Why debt-based models are unreformable from within
Hyman Minsky told us why whatever we create is unstable. According to Minsky's financial instability hypothesis, all debt-based finance is unstable from within: periods of calm lead to confidence, confidence leads to leverage, and economies slide from hedge financing (where income covers principal and interest) to speculative financing (where income covers only interest) to Ponzi financing (where borrowers must roll over their existing loans or liquidate assets merely to remain solvent). When such pyramids of rolled-over debt meet an increasing policy rate (the same rate to which our Islamic banks have anchored their 'profits'), that is when the Minsky moment occurs.
At this juncture, I believe every Sharia Board in South Asia should freeze: an equity-based profit-and-loss-sharing system cannot replicate a Minsky cycle in the same manner as debt-based systems because there is no fixed debt obligation to service, and there is no obligation on behalf of a financier to service any claim related to an asset, whether successful or unsuccessful. Profit sharing is not merely more righteous than risk shifting; it is more sustainable.
The S Alam episode in Bangladesh exemplifies nothing other than a debt and collateral situation dressed in Islamic attire, precisely what a fixed-claim model creates once insiders capture it. Real equity models inhibit insider capture since the financier's returns are tied directly to success or failure in the real-world economy, not to some documented markup.
A two-tier participatory architecture
Redemption means leaving behind the debt model. I suggest two complementary layers.
One layer consists of mutual/co-operative institutions owned by depositors. Here, savers are members of the co-operative organisation, sharing in real profit and loss rather than acting as creditors holding fixed claims on their customers' assets. As such, this represents Mudarabah taken seriously rather than merely mimicking it, and therefore eliminates the embarrassment Ismail described: Muslim savers willing to pay extra to bank prudently.
These types of organisations existed prior to demutualisation in Western credit co-operatives and mutual building societies, demonstrating that there is potential for significant market share through genuine mutual ownership.
The second layer represents venture/equity financing: Islamic institutions utilising Musharakah/Diminishing Musharakah as true equity/risk capital, as do venture/private equity funds.

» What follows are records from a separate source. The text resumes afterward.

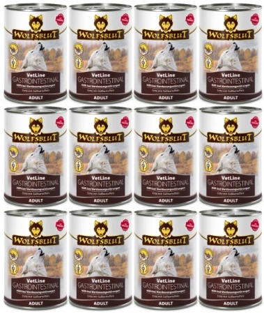 Wolfsblut Dog VetLine Gastro Karma Dla Psa 12x395g to pełnoporcjowa karma dla psów dorosłych, wszystkich ras. Zestaw 12 puszek.
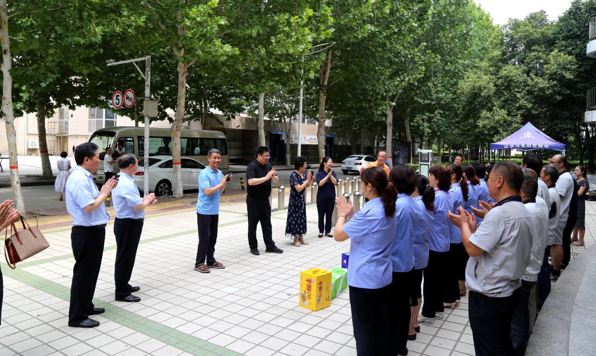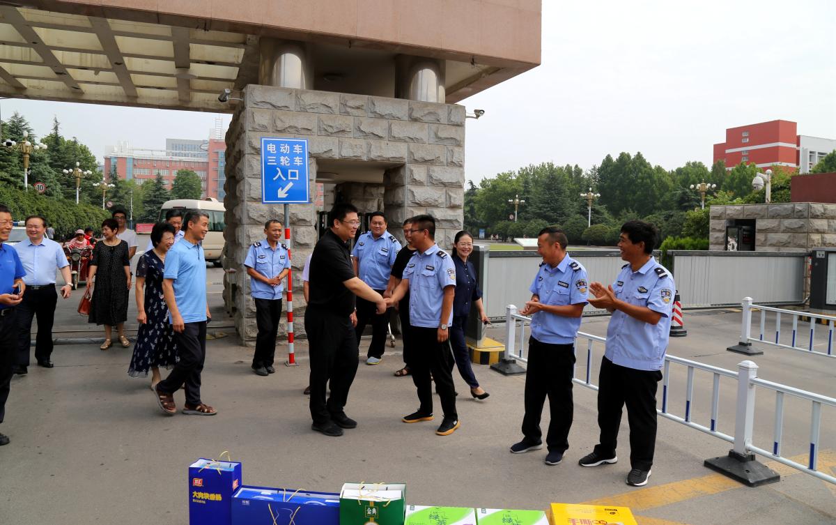 7月16日,校级领导闫纪建、岳修峰、罗凤英、郭涛、高金星带领相关部门负责人,前往学校招生录取大厅、门岗值班处、北大门广场、学生宿舍楼等地看望慰问暑期坚守工作岗位的工作人员,并送去了慰问品。
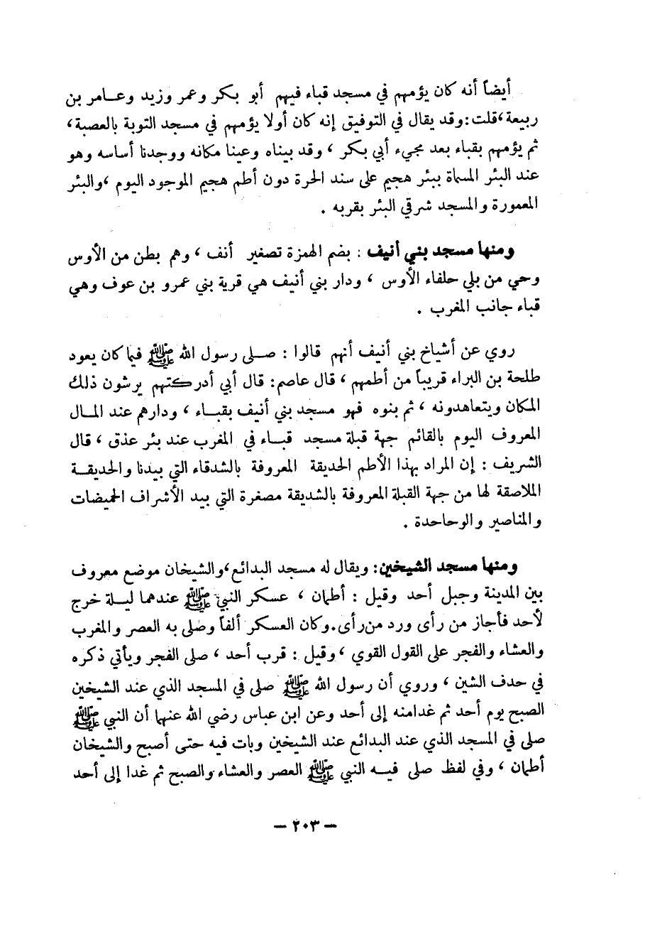 203 ... أيضاً أنه كان يؤمهم في مسجد قباء فيهم أبو بكر وعمر وزيد وعامر بن ربيعة، قلت: وقد يقال في التوفيق إنه كان أولا يؤمهم في مسجد التوبة بالعصبة، ثم يؤمهم بقباء بعد مجيء أبي بكر، وقد بيناه وعينا مكانه ووجدنا أساسه وهو عند البئر المسامة ببئر هجيم على سند الحرة دون أطم هجيم الموجود اليوم، والبئر المعمورة والمسجد شرقي البئر بقربه.
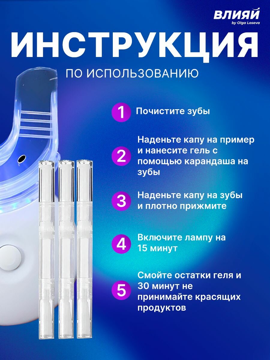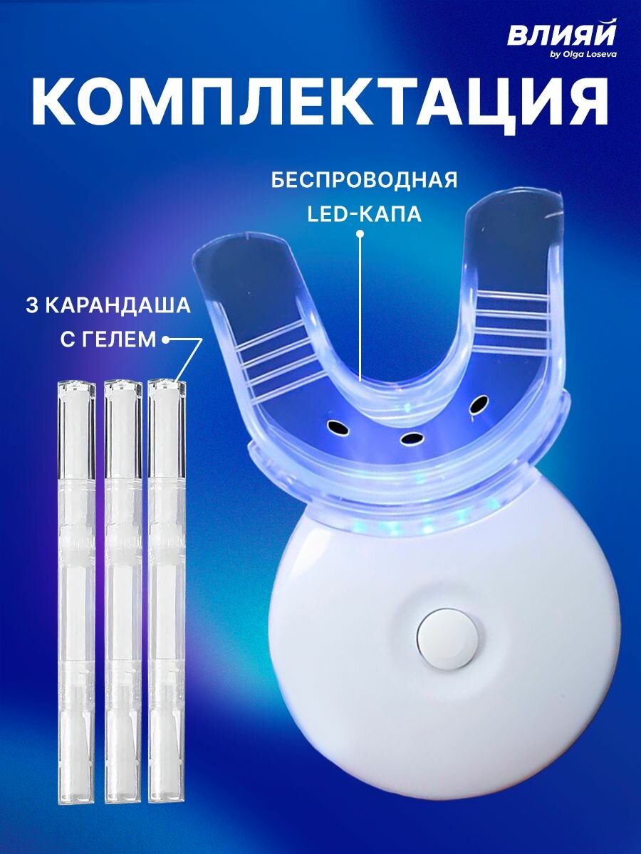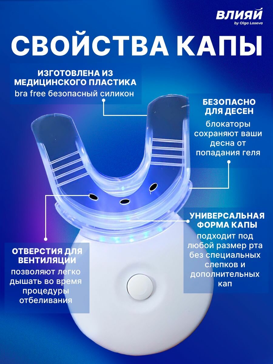 Набор для домашнего отбеливания зубов содержит гель с оптимальной концентрацией пероксида водорода (6%) и укрепляющие компоненты:
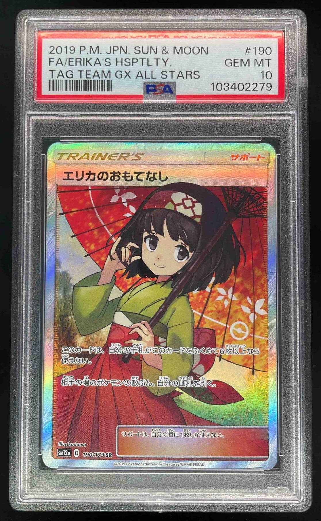 2019 Pokemon Japanese Sun Moon Tag Team GX Erika's Hospitality PSA 10
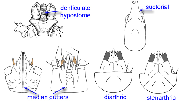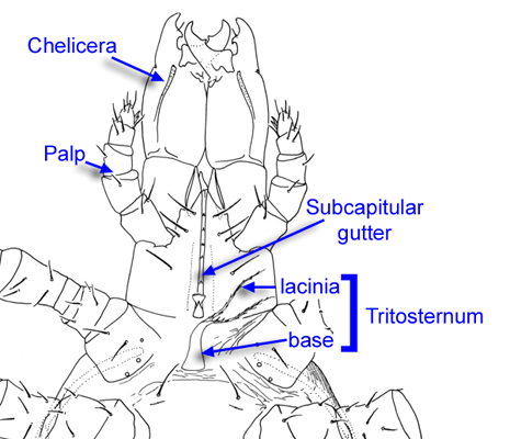 Mouthparts: 2–3 segmented chelicerae; pedipalps (palps) with 1–5 free segments; pedipalpal coxae fused into subcapitulumsubcapitulum:

The financier conducts due diligence in order to purchase an equity position in an entrepreneurial venture or project; profits when the entrepreneur profits and loses when the venture fails. This represents Barkat (as referred to by Ismail), an incentive to provide funding to good ideas and good people rather than funding projects using collateral at policy rates.
Neither layer prohibits either central banks' rate-setting or conventional banking-sector activity. Both layers merely seek to cease implying that a fixed-claim institution becomes Islamic solely because we renamed its obligation.
The correct underpinning of Islamic finance lies not in assigning a halal designation to a debt contract but rather in sharing both risk and reward as partners in real enterprise (risk capital, not re-priced interest).
M. Kabir Hassan is Professor of Finance and the Moffett Chair at the University of New Orleans. He is the 2016 IsDB Prize Winner in Islamic Banking and Finance.